▶ [PROBLEM DETAILS]
Under this line are records; the part from the line containing "a) Dùng thước" through the line containing "Table 22: Tag" should be repeated exactly. Please exclude pictures.

▶ [THE INPUT]
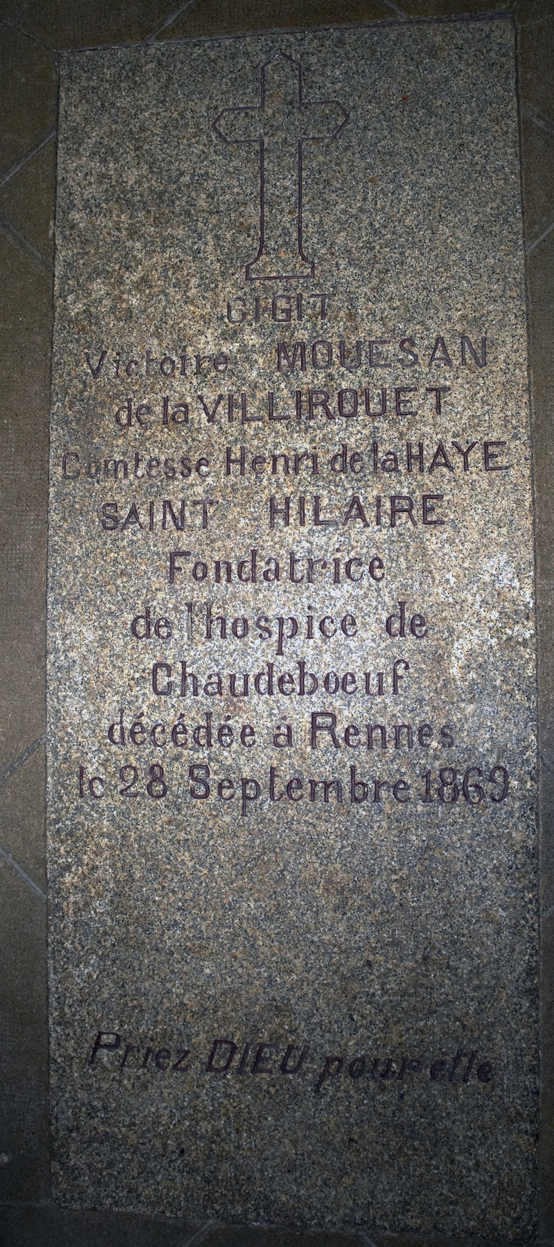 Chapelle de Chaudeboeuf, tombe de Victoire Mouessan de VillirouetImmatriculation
...
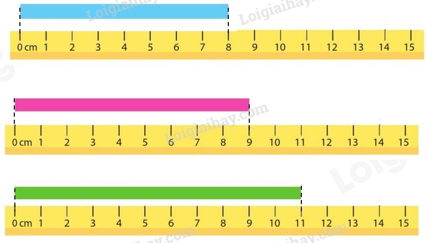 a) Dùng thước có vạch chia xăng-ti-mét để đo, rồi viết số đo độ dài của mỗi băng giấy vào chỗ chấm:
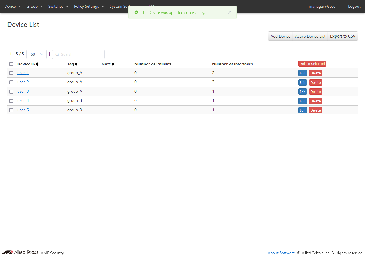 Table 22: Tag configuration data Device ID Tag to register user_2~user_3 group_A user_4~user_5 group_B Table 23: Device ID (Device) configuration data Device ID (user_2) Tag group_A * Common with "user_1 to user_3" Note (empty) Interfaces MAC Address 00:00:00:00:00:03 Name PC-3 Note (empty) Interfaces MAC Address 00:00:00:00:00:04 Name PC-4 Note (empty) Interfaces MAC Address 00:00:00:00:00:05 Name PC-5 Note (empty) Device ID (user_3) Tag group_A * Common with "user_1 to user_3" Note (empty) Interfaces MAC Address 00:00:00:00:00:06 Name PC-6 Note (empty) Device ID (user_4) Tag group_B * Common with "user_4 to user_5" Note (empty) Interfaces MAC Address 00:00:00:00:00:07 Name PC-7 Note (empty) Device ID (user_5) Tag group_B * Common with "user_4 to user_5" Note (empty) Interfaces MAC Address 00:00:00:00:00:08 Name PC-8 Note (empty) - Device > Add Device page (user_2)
* * *
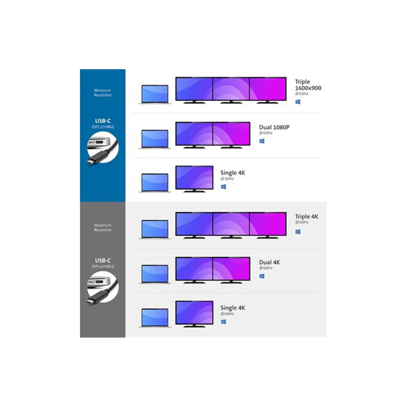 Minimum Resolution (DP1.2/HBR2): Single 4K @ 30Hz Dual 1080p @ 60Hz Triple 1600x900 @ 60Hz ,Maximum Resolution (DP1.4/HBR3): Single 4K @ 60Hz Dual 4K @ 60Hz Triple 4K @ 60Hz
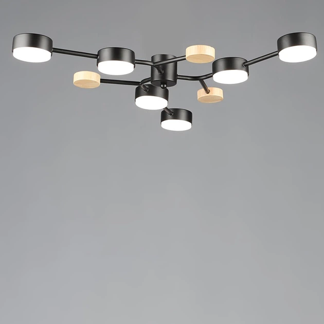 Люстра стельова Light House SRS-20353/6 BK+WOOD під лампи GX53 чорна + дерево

▶ [TASK OUTPUT]
 a) Dùng thước có vạch chia xăng-ti-mét để đo, rồi viết số đo độ dài của mỗi băng giấy vào chỗ chấm:
 Table 22: Tag configuration data Device ID Tag to register user_2~user_3 group_A user_4~user_5 group_B Table 23: Device ID (Device) configuration data Device ID (user_2) Tag group_A * Common with "user_1 to user_3" Note (empty) Interfaces MAC Address 00:00:00:00:00:03 Name PC-3 Note (empty) Interfaces MAC Address 00:00:00:00:00:04 Name PC-4 Note (empty) Interfaces MAC Address 00:00:00:00:00:05 Name PC-5 Note (empty) Device ID (user_3) Tag group_A * Common with "user_1 to user_3" Note (empty) Interfaces MAC Address 00:00:00:00:00:06 Name PC-6 Note (empty) Device ID (user_4) Tag group_B * Common with "user_4 to user_5" Note (empty) Interfaces MAC Address 00:00:00:00:00:07 Name PC-7 Note (empty) Device ID (user_5) Tag group_B * Common with "user_4 to user_5" Note (empty) Interfaces MAC Address 00:00:00:00:00:08 Name PC-8 Note (empty) - Device > Add Device page (user_2)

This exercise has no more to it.